Megăcles in Harpers Dictionary of Classical Antiquities
A name borne by several of the Athenian family of the Alcmaeonidae. The most important of these was the Megacles who put to death Cylon and his adherents after they had taken refuge at the altar of Athené, B.C. 612. (See Cylon.)
Son of Alcmaeon , son-inlaw of Clisthenes, leader of the Alcmaeonidae in the time of Solon. At first he was opposed to Pisistratus, and expelled him from Athens; but afterwards he became reconciled to him, gave him his daughter Coesyra in marriage, and assisted in his restoration to Athens.

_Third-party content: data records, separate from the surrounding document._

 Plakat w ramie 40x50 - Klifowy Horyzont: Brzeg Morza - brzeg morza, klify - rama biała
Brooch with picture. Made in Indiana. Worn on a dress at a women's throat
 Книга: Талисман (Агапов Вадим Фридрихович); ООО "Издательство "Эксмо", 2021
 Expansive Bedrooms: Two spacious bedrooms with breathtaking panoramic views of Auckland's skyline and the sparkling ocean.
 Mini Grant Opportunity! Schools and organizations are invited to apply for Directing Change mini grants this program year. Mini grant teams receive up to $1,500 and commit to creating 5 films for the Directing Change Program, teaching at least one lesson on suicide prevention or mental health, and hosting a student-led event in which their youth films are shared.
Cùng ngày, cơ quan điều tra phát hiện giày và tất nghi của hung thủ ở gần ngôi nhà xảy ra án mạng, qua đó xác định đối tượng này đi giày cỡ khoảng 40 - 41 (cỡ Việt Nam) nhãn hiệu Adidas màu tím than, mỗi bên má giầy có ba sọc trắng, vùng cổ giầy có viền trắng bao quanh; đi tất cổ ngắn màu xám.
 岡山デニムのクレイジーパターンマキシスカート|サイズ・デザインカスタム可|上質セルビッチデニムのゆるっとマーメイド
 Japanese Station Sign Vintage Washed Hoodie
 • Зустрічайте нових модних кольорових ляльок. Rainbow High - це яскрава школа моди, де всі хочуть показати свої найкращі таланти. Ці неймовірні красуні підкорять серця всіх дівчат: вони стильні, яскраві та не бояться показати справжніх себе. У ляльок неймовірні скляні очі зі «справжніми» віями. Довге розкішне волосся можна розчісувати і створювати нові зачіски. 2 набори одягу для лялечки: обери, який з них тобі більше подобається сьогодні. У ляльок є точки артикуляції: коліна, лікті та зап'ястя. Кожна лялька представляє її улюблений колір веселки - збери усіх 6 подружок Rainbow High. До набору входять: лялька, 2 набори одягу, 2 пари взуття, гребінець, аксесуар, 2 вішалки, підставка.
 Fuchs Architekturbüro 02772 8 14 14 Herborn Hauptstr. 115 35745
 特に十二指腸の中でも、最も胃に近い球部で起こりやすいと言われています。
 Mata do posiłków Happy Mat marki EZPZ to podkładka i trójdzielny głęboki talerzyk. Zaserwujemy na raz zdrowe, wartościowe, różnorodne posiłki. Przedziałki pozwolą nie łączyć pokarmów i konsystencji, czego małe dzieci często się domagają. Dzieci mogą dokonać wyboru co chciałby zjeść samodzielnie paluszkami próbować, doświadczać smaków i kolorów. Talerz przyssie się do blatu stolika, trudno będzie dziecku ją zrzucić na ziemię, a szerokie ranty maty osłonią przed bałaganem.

Pisistratus not having treated his wife in a proper manner, Megacles resented the affront, and again drove the former out of Athens; with the aid of large sums from the Thebans and other States, Pisistratus again raised an army, defeated his opponents, and drove Megacles and the partisans of the Alcmaeonidae into exile.

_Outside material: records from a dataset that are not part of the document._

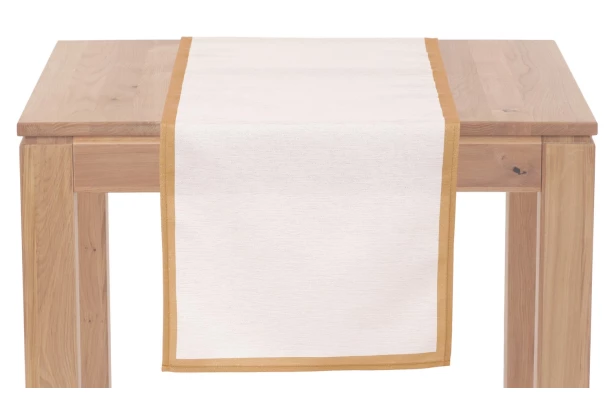 Krémový behúň na stôl s vtkanými zlatými nitkami a so zlatým lemom vykúzli sviatočnú atmosféru a zimnú pohodu nielen pri štedrovečernej večeri. Behúň na rozdiel od obrusu zakryje len prostrednú časť stolovej dosky, ale aj tak poskytne čiastočnú ochranu stola pred poškriabaním a ušpinením. Rozmer 150×40 cm.
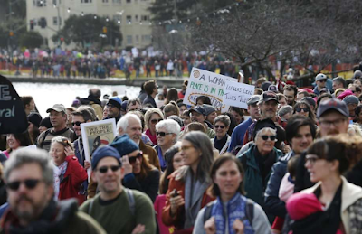 We soon had to give up on keeping track of our friends – The crowd was just too massive. (One in 45 California residents marched. An estimated 100K counted in Oakland and upwards of 4.6+ million just in the US). While waiting for some kind of announcement to signal the start, we were squeezed into a shoulder to shoulder, slow motion lava flow down Madison Street with the impressively resilient Lolo. Drums were beating, people bopping up and down, pink hats, strollers, kids on parents shoulders, a cornucopia of signs. Everyone smiling and there was chanting and high five-ing and hugging. Wait. We’re crammed like sardines, we don’t know what the plan is or where the next bathroom will be. Why are we all so HAPPY? Then the realization that the march had started, and without knowing it, we were already in way deep.
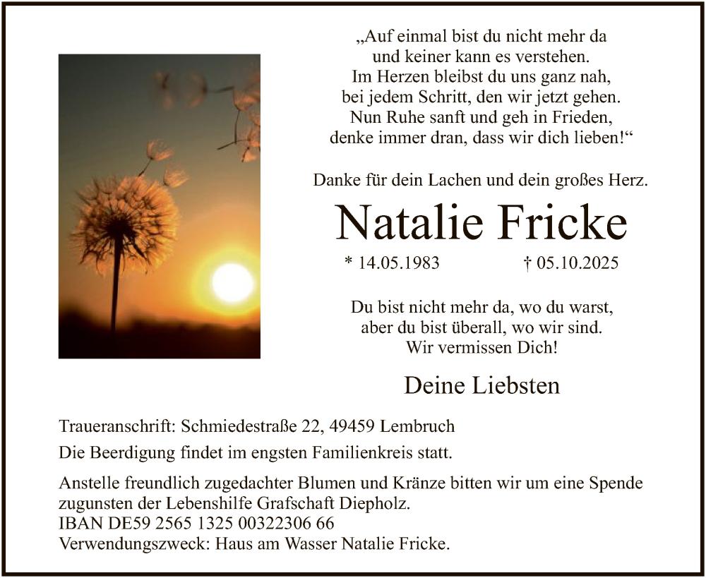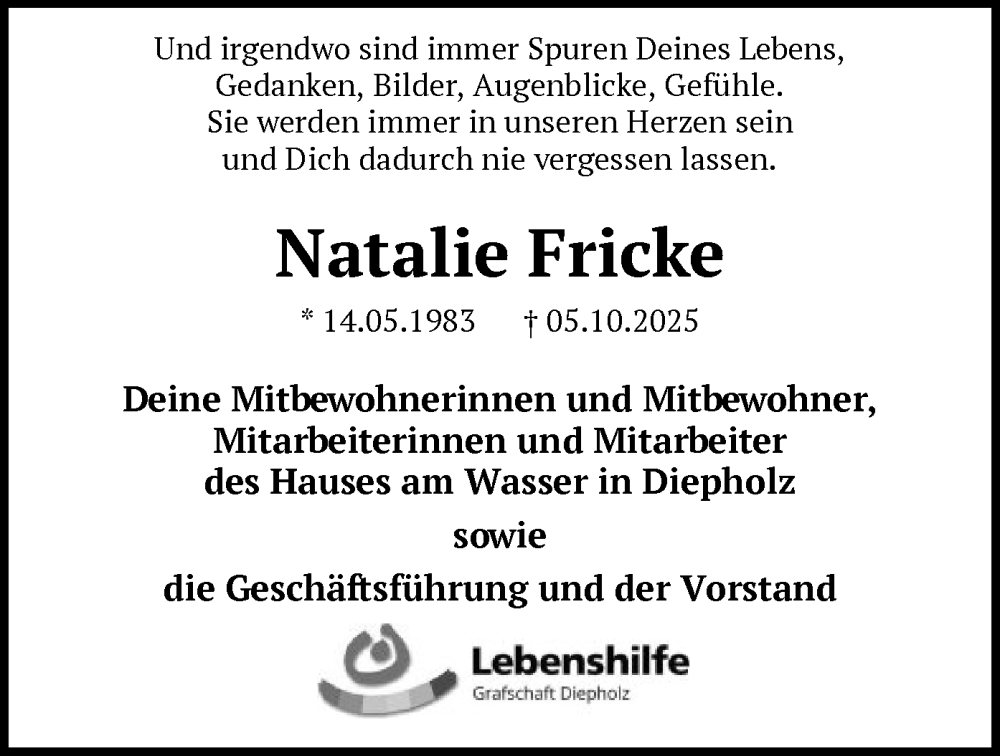 Hier finden Sie alle Traueranzeigen aus der Zeitung, die bisher für Natalie Fricke erschienen sind. Weitere Traueranzeigen, die in der Zeitung erscheinen, werden hier ebenfalls aufgelistet
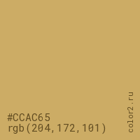 Цвет #CCAC65 в цветовой модели RGB обозначается тремя октетами (204, 172, 101) в десятичном формате и #CCAC65 в шестнадцатиричном (hex) формате, которые являются интенсивностью красного 204 (hex CC), интенсивность зелёного 172 (hex AC) и интенсивность синего 101 (hex 65).
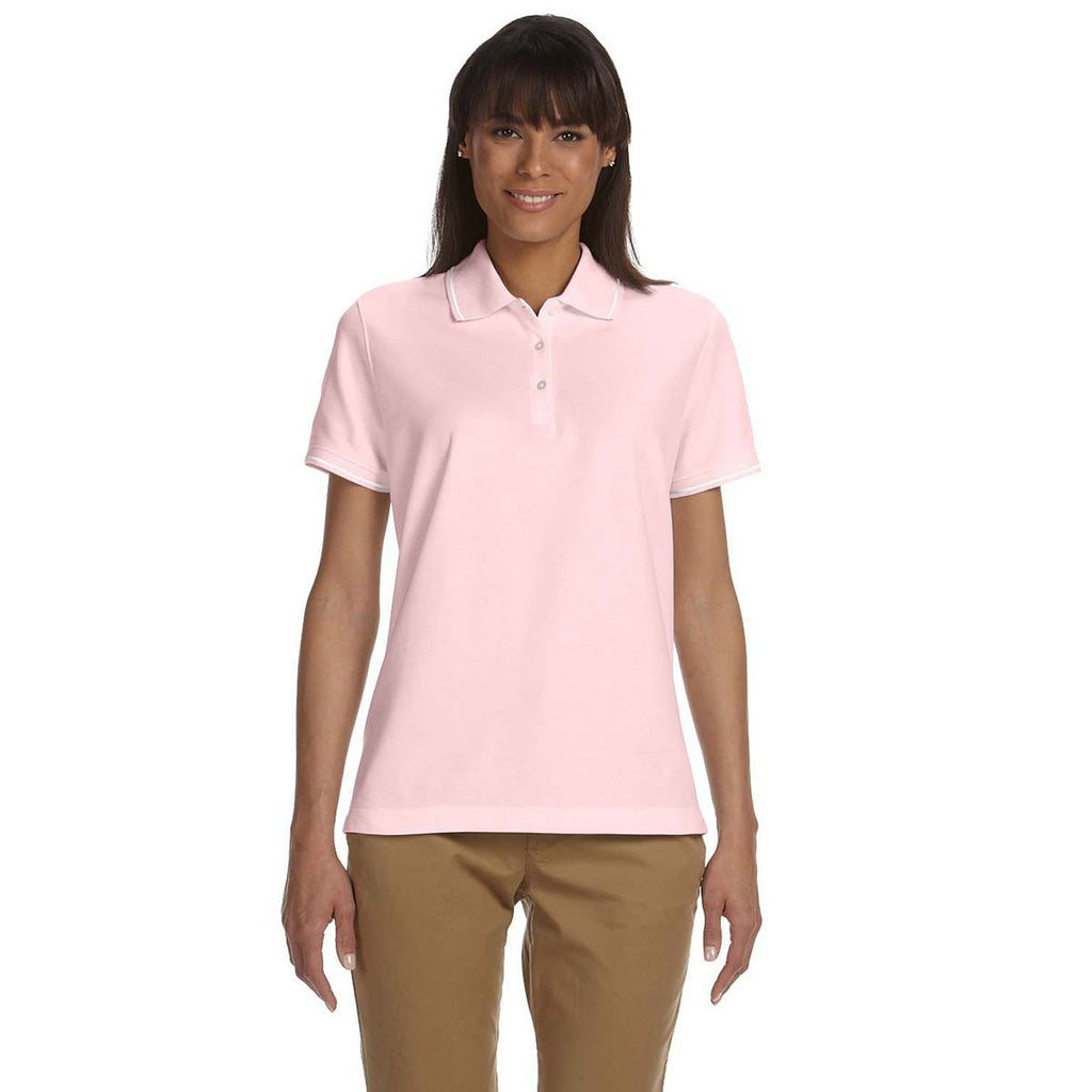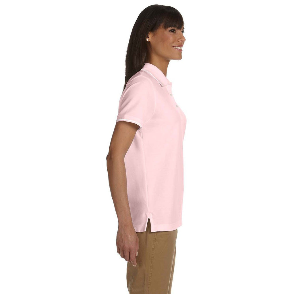 Devon & Jones Women's Pink/White Pima Pique Short-Sleeve Tipped Polo

A Syracusan, brother of Dion, and brother-in-law of the elder Dionysius. He accompanied Dion in his flight from Syracuse, B.C. 358, and afterwards returned with him to Sicily.
Megacles in Wikipedia
Megacles (Μεγακλῆς) was the name of several notable men of ancient Athens:
1. Megacles was possibly a legendary Archon of Athens from 922 BC to 892 BC.

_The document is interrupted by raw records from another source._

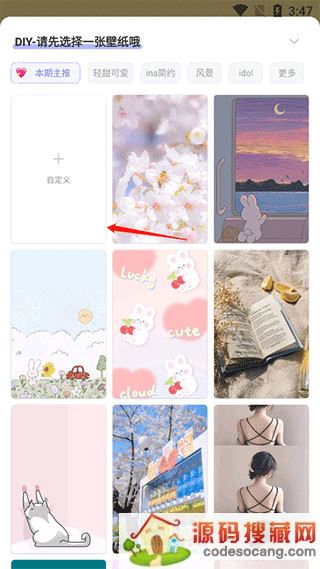 1、下载好布丁锁屏官方版后,点击进入。可以直接选择一个喜欢的壁纸设置,也可以在首页中选择右上角自己制作一个主题。
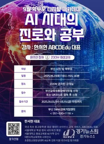 [경기뉴스원/경기뉴스1] | 부산광역시교육청교육연구정보원 SW‧AI교육거점센터는 오는 23일 오후 6시 온라인 원격 연수를 통해 관내 학부모를 대상으로 ‘9월 학부모 디지털 아카데미’를 실시한다.
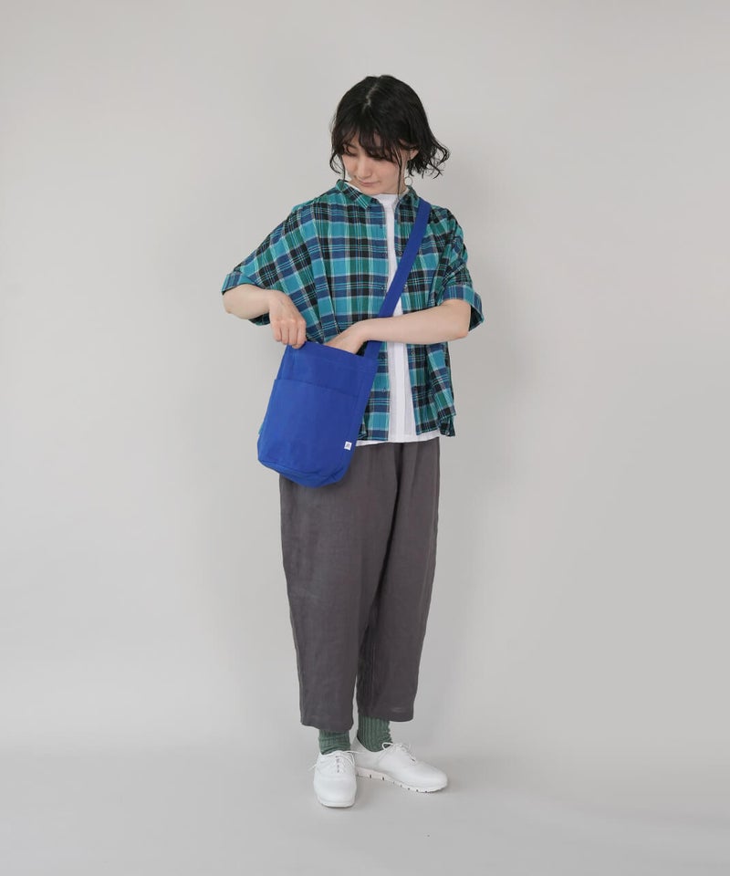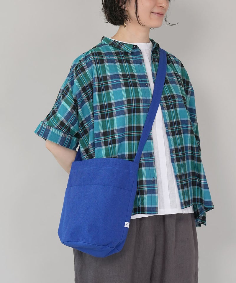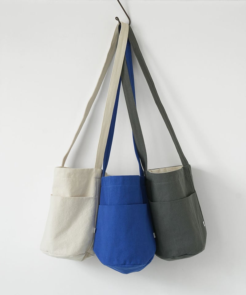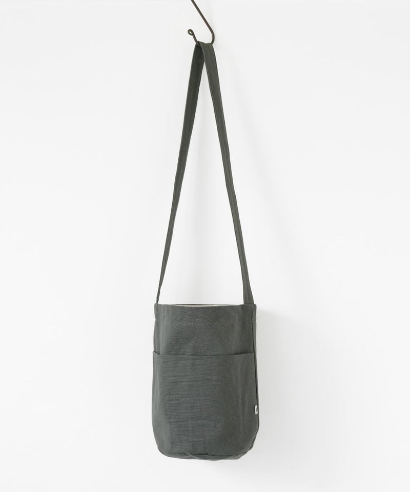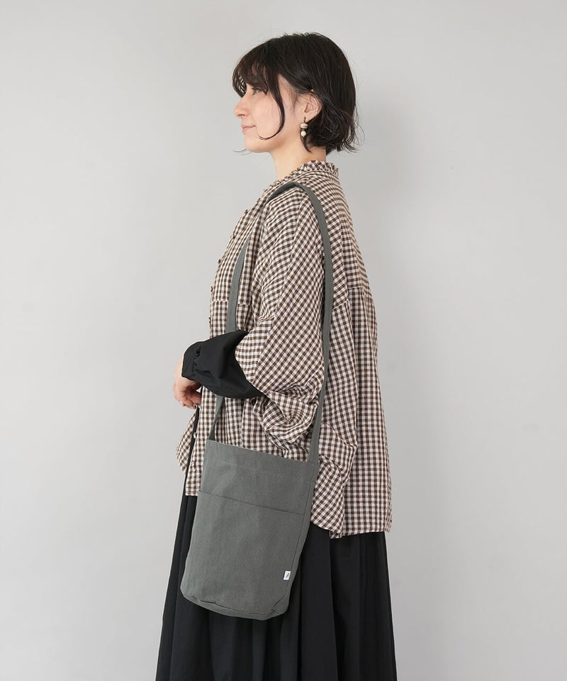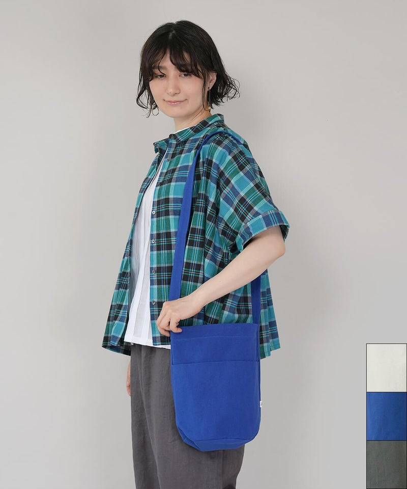 日常に溶け込む、キャンバスショルダーバッグ。斜め掛けが出来る長さのショルダータイプで、すっと日常に溶け込んでくれるシンプルな形です。使用している12oz帆布は、ほどよいやわらかさと強度を持ちつつ、軽いのが特徴です。マチをたっぷりと取っているため、コンパクトな見た目ながら収納力も備えています。

2. Megacles was a member of the Alcmaeonidae family, and the archon eponymous in 632 BC when Cylon made his unsuccessful attempt to take over Athens. Megacles was convicted of killing Cylon (who had taken refuge on the Acropolis as a suppliant of Athena) and was exiled from the city, along with all the other members of his genos, the Alcmaeonidae. The Alcmaeonidae inherited a miasma ("stain") that lasted for generations among Megacles' descendants.
3. Megacles, the grandson of the above and member of the Alcmaeonidae family, was an opponent of Pisistratus in the 6th century BC. He drove out Pisistratus during the latter's first reign as tyrant in 560 BC, but the two then made an alliance with each other, and Pisistratus married Megacles' daughter. Herodotus claims that they also tricked the Athenians into believing Athena herself had arrived to proclaim Pisistratus tyrant, by dressing up a woman named Phye as the goddess. This event is subject to debate as to whether Herodotus has interpreted this episode correctly. However, Megacles turned against Pisistratus when Pisistratus refused to have children with Megacles' daughter, which brought an end to the second tyranny.
This Megacles later competed circa 560 BC or later with Hippocleides, a former archon of Athens, to marry Agarista, the daughter of Cleisthenes of Sicyon. They had two sons; the elder Hippocrates was father of another Megacles (ostracized 486 BC) and a daughter Agariste was mother of Pericles and Ariphron (himself the father of Hippocrates of Athens who died 424 BC). The younger son Cleisthenes was allegedly father of Deinomache (or Dinomache), mother of Alcibiades (d. 404 BC). Thus, Megacles the elder was great-grandfather of Pericles and Alcibiades.
4. Megacles, grandson of the above, son of Hippocrates, and nephew of Cleisthenes is sometimes described as the father of Deinomache and thus the maternal grandfather of Alcibiades. Other sources, notably William Smith, insist that his uncle Cleisthenes was the grandfather of Alcibiades.
In 490 BC, in the aftermath of the Battle of Marathon, a shield-signal was raised on Mount Pentelicon above Marathon supposedly to signal the Persians to sail around Cape Sounion and attack the unguarded city of Athens. Herodotus reports that the Alcmaeonidae were widely believed to have been behind this act of treachery. With Megacles being the leading figure of the Alcmaeonid clan at the time, a lingering suspicion of medism hung over him.
In 486 BC Megacles was ostracised. Numerous ostraca have been found with comments on them making reference to his ostentatious wealth and love of luxury.
He was honored by Pindar as exiled winner in the chariot race of Pythian Games 486 BC.